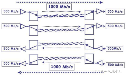 1000Base-TX也是基于四对双绞线,但却是以两对线发送,两对线接收( 类似于100Base-Tx)。由于每对线缆本身不进行双向的传输,线缆之间的串扰就大大降低,同时其编码方式也相对简单。这种技术对网络的接口要求比较低,不需要非常复杂的电路设计,降低了网络接口的成本。
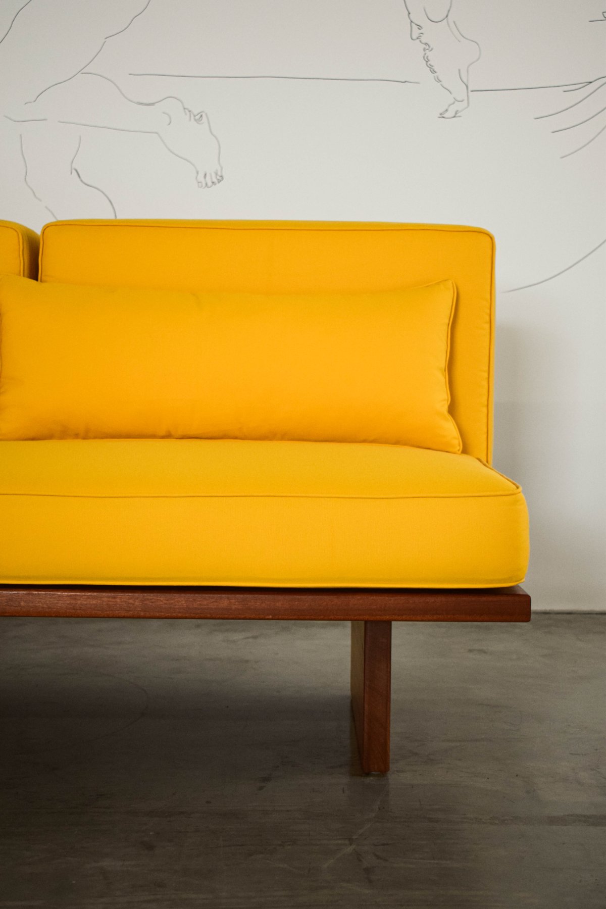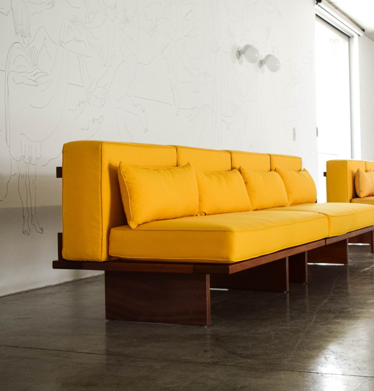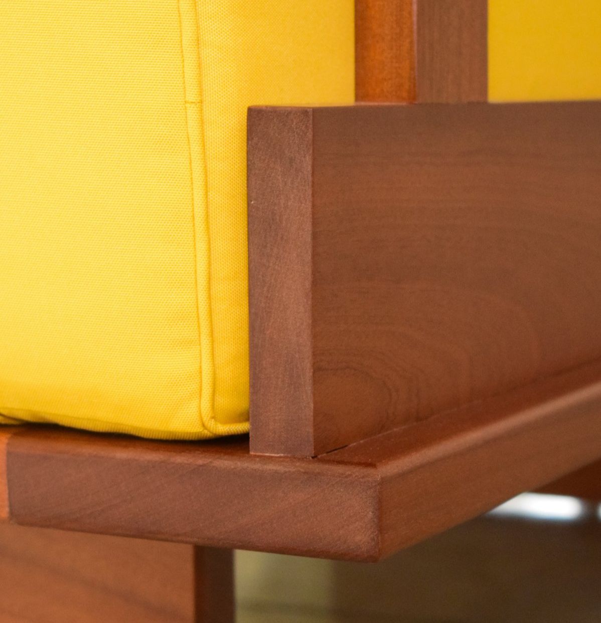 Modular sofa in solid wood with rounded edges carried by two rectangular legs.
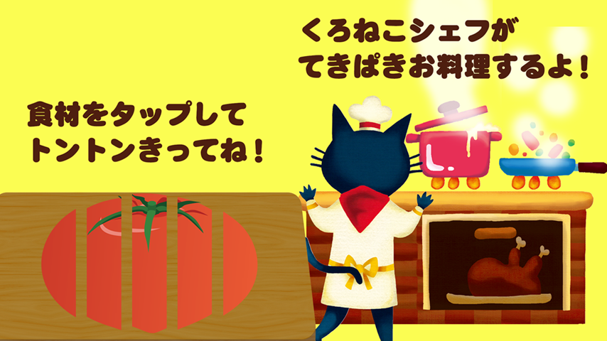 作る料理を選ん後、食材をタップで切って作っていくアプリです。
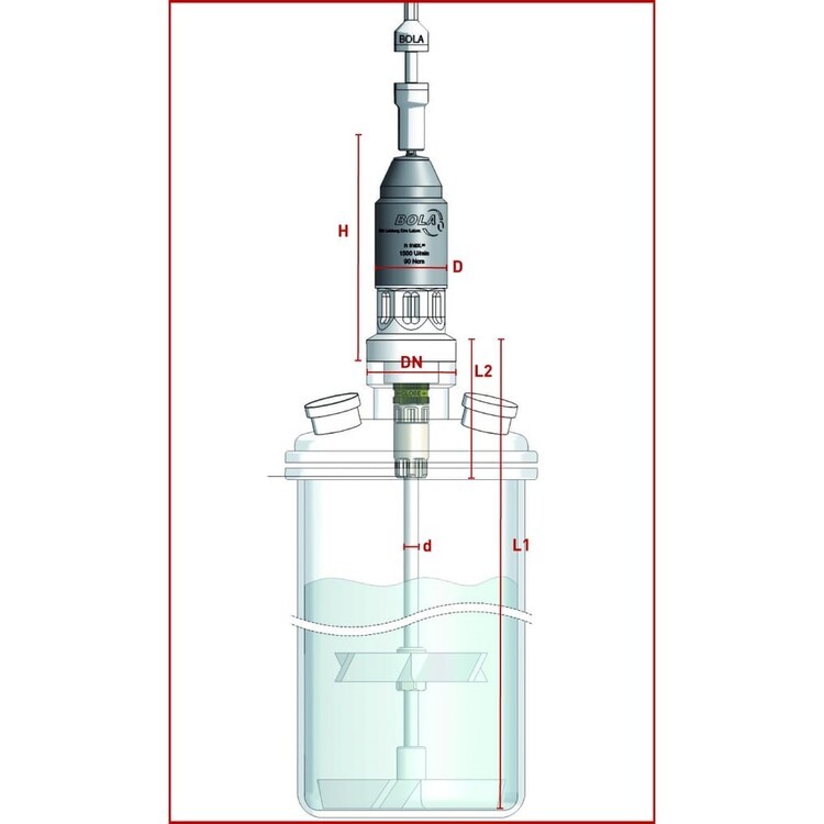 Consisting of capsuled drive shaft (stainless steel) with ball bearings, rotor and lower bearing made of PTFE/PEEK and a hollow shaft made of borosilicate glass.

» **What this task involves**
For this exercise, return the material word for word and drop each image.

» **Reply to the exercise**
 1000Base-TX也是基于四对双绞线,但却是以两对线发送,两对线接收( 类似于100Base-Tx)。由于每对线缆本身不进行双向的传输,线缆之间的串扰就大大降低,同时其编码方式也相对简单。这种技术对网络的接口要求比较低,不需要非常复杂的电路设计,降低了网络接口的成本。
 Modular sofa in solid wood with rounded edges carried by two rectangular legs.
 作る料理を選ん後、食材をタップで切って作っていくアプリです。
 Consisting of capsuled drive shaft (stainless steel) with ball bearings, rotor and lower bearing made of PTFE/PEEK and a hollow shaft made of borosilicate glass.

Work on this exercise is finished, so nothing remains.